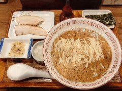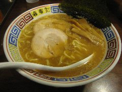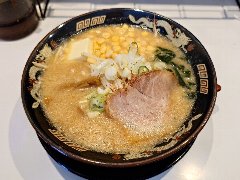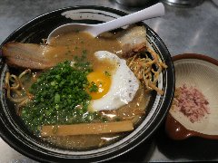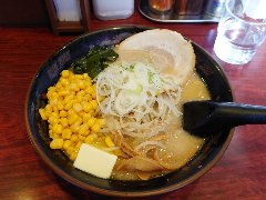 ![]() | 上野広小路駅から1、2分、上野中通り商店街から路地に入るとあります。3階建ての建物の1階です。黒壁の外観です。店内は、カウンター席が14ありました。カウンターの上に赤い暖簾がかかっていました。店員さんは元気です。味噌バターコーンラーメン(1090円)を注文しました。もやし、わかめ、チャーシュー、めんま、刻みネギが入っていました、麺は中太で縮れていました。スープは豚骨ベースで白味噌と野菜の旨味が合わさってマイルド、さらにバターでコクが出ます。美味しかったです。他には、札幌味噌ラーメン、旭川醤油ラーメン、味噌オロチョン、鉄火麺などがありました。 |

--

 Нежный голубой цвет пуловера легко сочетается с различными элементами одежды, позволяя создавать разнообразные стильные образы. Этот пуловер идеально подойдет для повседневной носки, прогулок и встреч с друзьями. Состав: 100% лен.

...

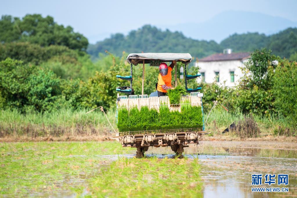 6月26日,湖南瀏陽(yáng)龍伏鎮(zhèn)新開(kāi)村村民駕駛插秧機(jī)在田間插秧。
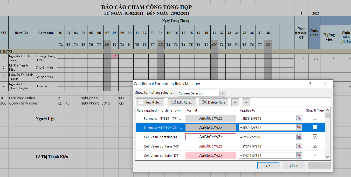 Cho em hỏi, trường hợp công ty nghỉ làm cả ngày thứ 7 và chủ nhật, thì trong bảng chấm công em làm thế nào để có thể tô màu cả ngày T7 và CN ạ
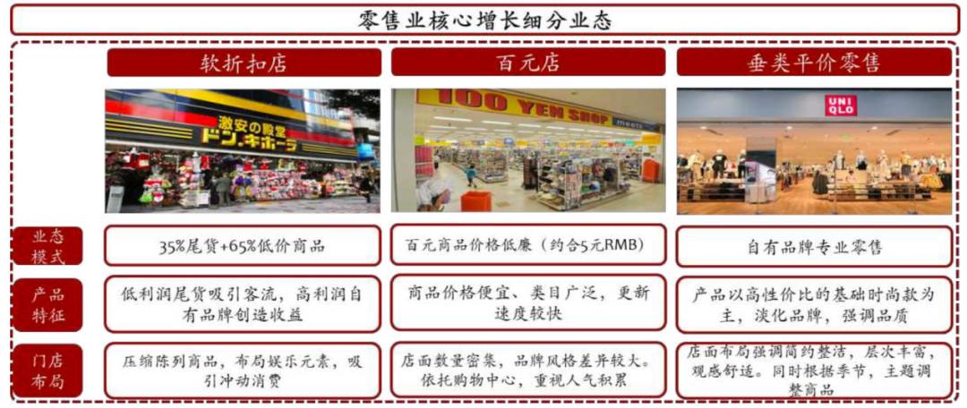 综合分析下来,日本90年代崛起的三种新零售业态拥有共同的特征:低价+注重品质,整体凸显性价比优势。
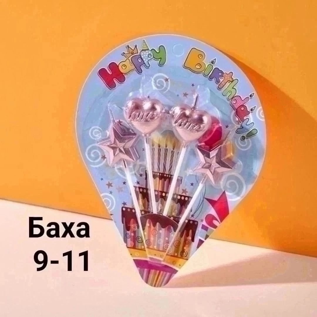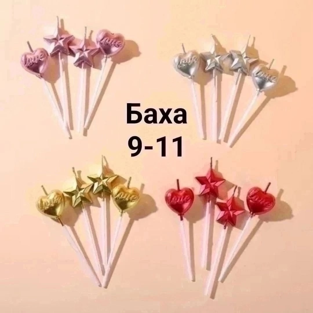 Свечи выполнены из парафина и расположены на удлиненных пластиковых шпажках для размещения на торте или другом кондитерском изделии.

> _EXERCISE INSTRUCTIONS_
Drop the pictures; return the lines above from the line containing "6月26日,湖南瀏陽(yán" to the line containing "综合分析下来,日本90年代崛", both included, exactly.

> _SOLUTION FOR THIS TASK_
 6月26日,湖南瀏陽(yáng)龍伏鎮(zhèn)新開(kāi)村村民駕駛插秧機(jī)在田間插秧。
 Cho em hỏi, trường hợp công ty nghỉ làm cả ngày thứ 7 và chủ nhật, thì trong bảng chấm công em làm thế nào để có thể tô màu cả ngày T7 và CN ạ
 综合分析下来,日本90年代崛起的三种新零售业态拥有共同的特征:低价+注重品质,整体凸显性价比优势。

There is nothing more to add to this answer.